= Brief =
Print, in exact form, the lines below from the one containing "Designed with a" through the one containing "12月29日、めまいと血圧高", and omit all others.

= Extracted information =

↓↓↓

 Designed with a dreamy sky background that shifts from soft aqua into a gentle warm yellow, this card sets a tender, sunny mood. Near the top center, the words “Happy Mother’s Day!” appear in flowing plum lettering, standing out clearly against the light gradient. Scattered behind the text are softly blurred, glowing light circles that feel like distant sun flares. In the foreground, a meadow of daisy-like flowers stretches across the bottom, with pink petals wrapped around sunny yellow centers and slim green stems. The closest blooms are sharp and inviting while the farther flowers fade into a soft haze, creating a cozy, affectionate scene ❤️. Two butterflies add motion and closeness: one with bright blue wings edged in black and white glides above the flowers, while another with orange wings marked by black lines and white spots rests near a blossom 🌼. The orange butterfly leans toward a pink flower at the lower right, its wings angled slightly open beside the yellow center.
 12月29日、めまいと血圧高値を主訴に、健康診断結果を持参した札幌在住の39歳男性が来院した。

↑↑↑
↓↓↓

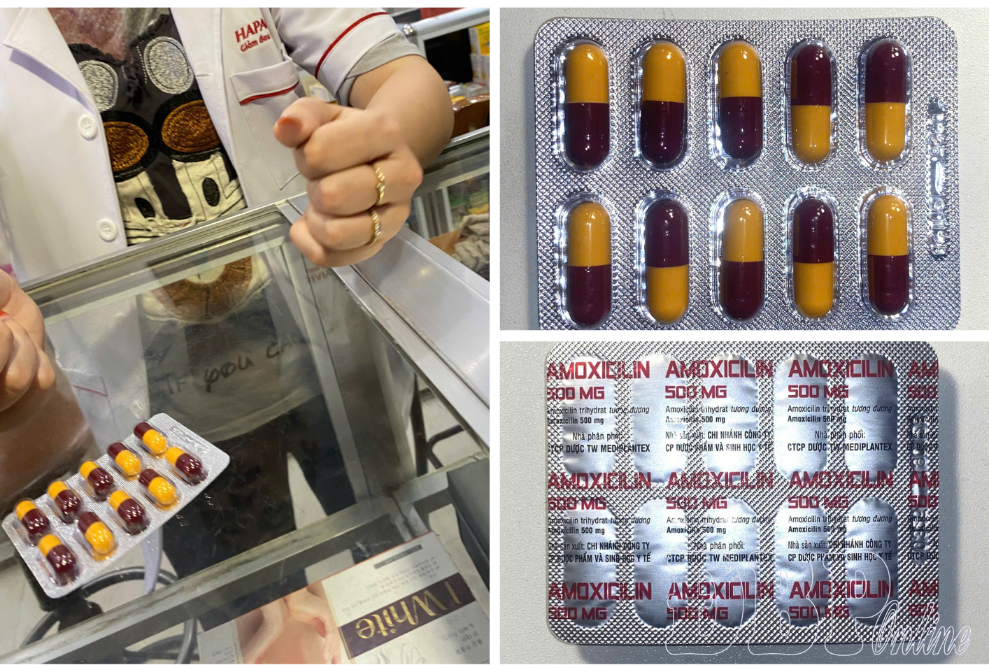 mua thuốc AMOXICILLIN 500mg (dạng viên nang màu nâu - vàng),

↑↑↑

= Answer space =
 Designed with a dreamy sky background that shifts from soft aqua into a gentle warm yellow, this card sets a tender, sunny mood. Near the top center, the words “Happy Mother’s Day!” appear in flowing plum lettering, standing out clearly against the light gradient. Scattered behind the text are softly blurred, glowing light circles that feel like distant sun flares. In the foreground, a meadow of daisy-like flowers stretches across the bottom, with pink petals wrapped around sunny yellow centers and slim green stems. The closest blooms are sharp and inviting while the farther flowers fade into a soft haze, creating a cozy, affectionate scene ❤️. Two butterflies add motion and closeness: one with bright blue wings edged in black and white glides above the flowers, while another with orange wings marked by black lines and white spots rests near a blossom 🌼. The orange butterfly leans toward a pink flower at the lower right, its wings angled slightly open beside the yellow center.
 12月29日、めまいと血圧高値を主訴に、健康診断結果を持参した札幌在住の39歳男性が来院した。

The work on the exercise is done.